Work instructions: Exclude every picture and return the remaining entries below verbatim.

--

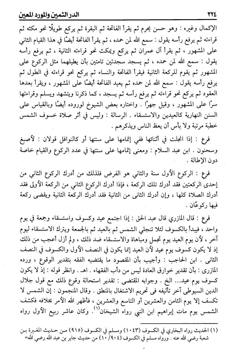 الاكمال وغيره وهو حسن يحرم ثم يقرأ الفاتحة ثم البقرة ثم يركع طويلا نحو مكته ثم قراءته ثم يرفع رأسه يقول سمع الله لمن حمده ثم يقرأ الفاتحة أيضا في هذا القيام الثاني على المشهور ثم يقرأ آل عمران ثم يركع ويمكث نحو قراءته الثانية ثم يرفع رأسه يقول سمع الله لمن حمده ثم يسجد سجدتين تامتين بأن
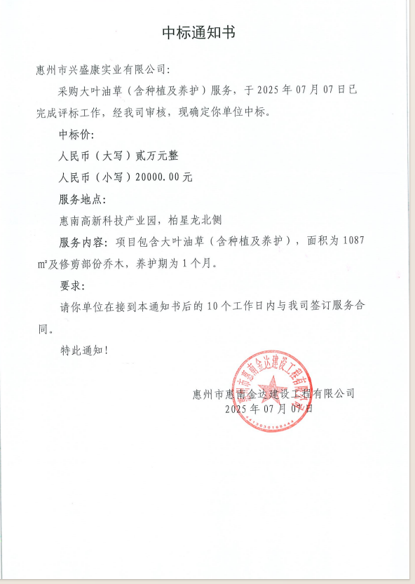 【中標通知】采購大葉油草(含種植及養(yǎng)護)服務(wù)
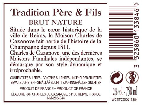 | Libellé | Champagne Charles de Cazanove Brut Nature - Brut - 75 cl |
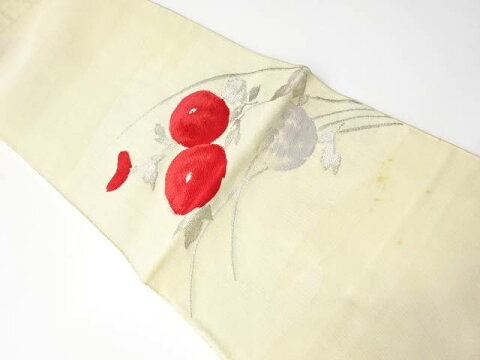 <名古屋帯サイズ>(単位:cm)太鼓部分長さ135太鼓部分幅30.5前部分長さ224前部分幅15 時代 現代(1989 - ) 状態 非常によい 素材 化繊 色目 オフホワイト 【商品説明】状態は大変良いです。
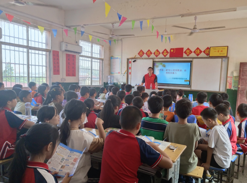 9月7日,阳新县司法局木港司法所到学诗完全小学开展以“抵制校园暴力,花朵茁壮成长”为主题的“开学第一课”法治宣传教育活动。
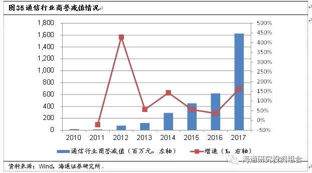 2010年至今,A股通信行業(yè)上市公司的總商譽(yù)呈逐步上升態(tài)勢,2012年-2017年的增速分別為94.28%、76.31%、109.44%、131.63%、41.06%和53.73%;其增加值分別為12.72億元、20.00億元、50.58億元、127.41億元、92.06億元和169.93億元。伴隨2015~2017年行業(yè)并購事件的快速增加,總商譽(yù)的量也大幅增加;但基于A股2015年6月異常波動(dòng)、2015年商譽(yù)增速觸頂,2016年商譽(yù)增加的增速大幅放緩。
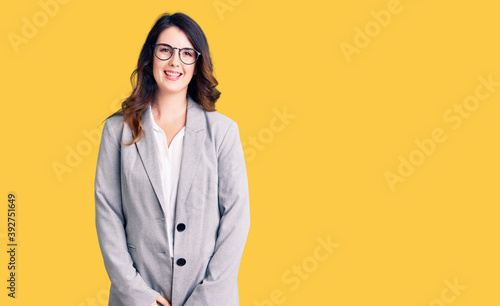 Beautiful young brunette woman wearing business clothes and glasses looking positive and happy standing and smiling with a confident smile showing teeth
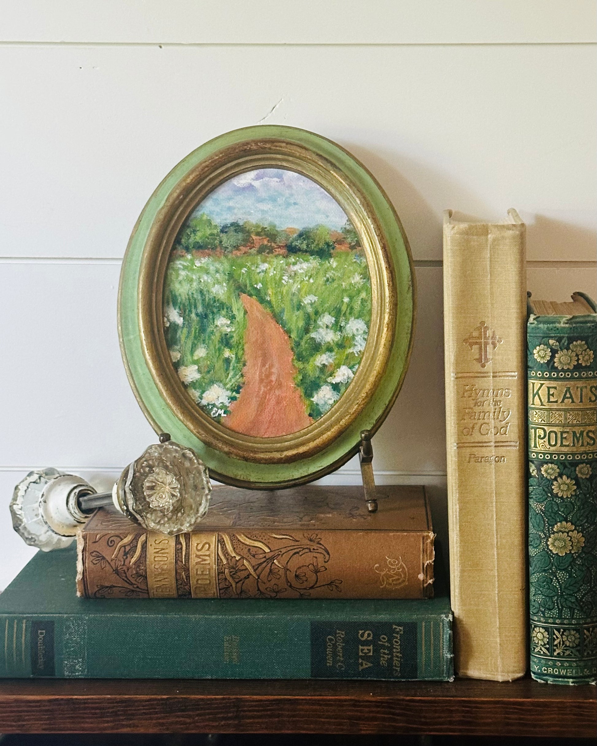 Beautiful original painting of a pathway leading through a field of white wildflowers. Framed in an oval antique Italian Florentine reproduction frame. Measures 8.25 x 6.5 inches overall including frame.

--

Answer to this task:
 الاكمال وغيره وهو حسن يحرم ثم يقرأ الفاتحة ثم البقرة ثم يركع طويلا نحو مكته ثم قراءته ثم يرفع رأسه يقول سمع الله لمن حمده ثم يقرأ الفاتحة أيضا في هذا القيام الثاني على المشهور ثم يقرأ آل عمران ثم يركع ويمكث نحو قراءته الثانية ثم يرفع رأسه يقول سمع الله لمن حمده ثم يسجد سجدتين تامتين بأن
 【中標通知】采購大葉油草(含種植及養(yǎng)護)服務(wù)
 | Libellé | Champagne Charles de Cazanove Brut Nature - Brut - 75 cl |
 <名古屋帯サイズ>(単位:cm)太鼓部分長さ135太鼓部分幅30.5前部分長さ224前部分幅15 時代 現代(1989 - ) 状態 非常によい 素材 化繊 色目 オフホワイト 【商品説明】状態は大変良いです。
 9月7日,阳新县司法局木港司法所到学诗完全小学开展以“抵制校园暴力,花朵茁壮成长”为主题的“开学第一课”法治宣传教育活动。
 2010年至今,A股通信行業(yè)上市公司的總商譽(yù)呈逐步上升態(tài)勢,2012年-2017年的增速分別為94.28%、76.31%、109.44%、131.63%、41.06%和53.73%;其增加值分別為12.72億元、20.00億元、50.58億元、127.41億元、92.06億元和169.93億元。伴隨2015~2017年行業(yè)并購事件的快速增加,總商譽(yù)的量也大幅增加;但基于A股2015年6月異常波動(dòng)、2015年商譽(yù)增速觸頂,2016年商譽(yù)增加的增速大幅放緩。
 Beautiful young brunette woman wearing business clothes and glasses looking positive and happy standing and smiling with a confident smile showing teeth
 Beautiful original painting of a pathway leading through a field of white wildflowers. Framed in an oval antique Italian Florentine reproduction frame. Measures 8.25 x 6.5 inches overall including frame.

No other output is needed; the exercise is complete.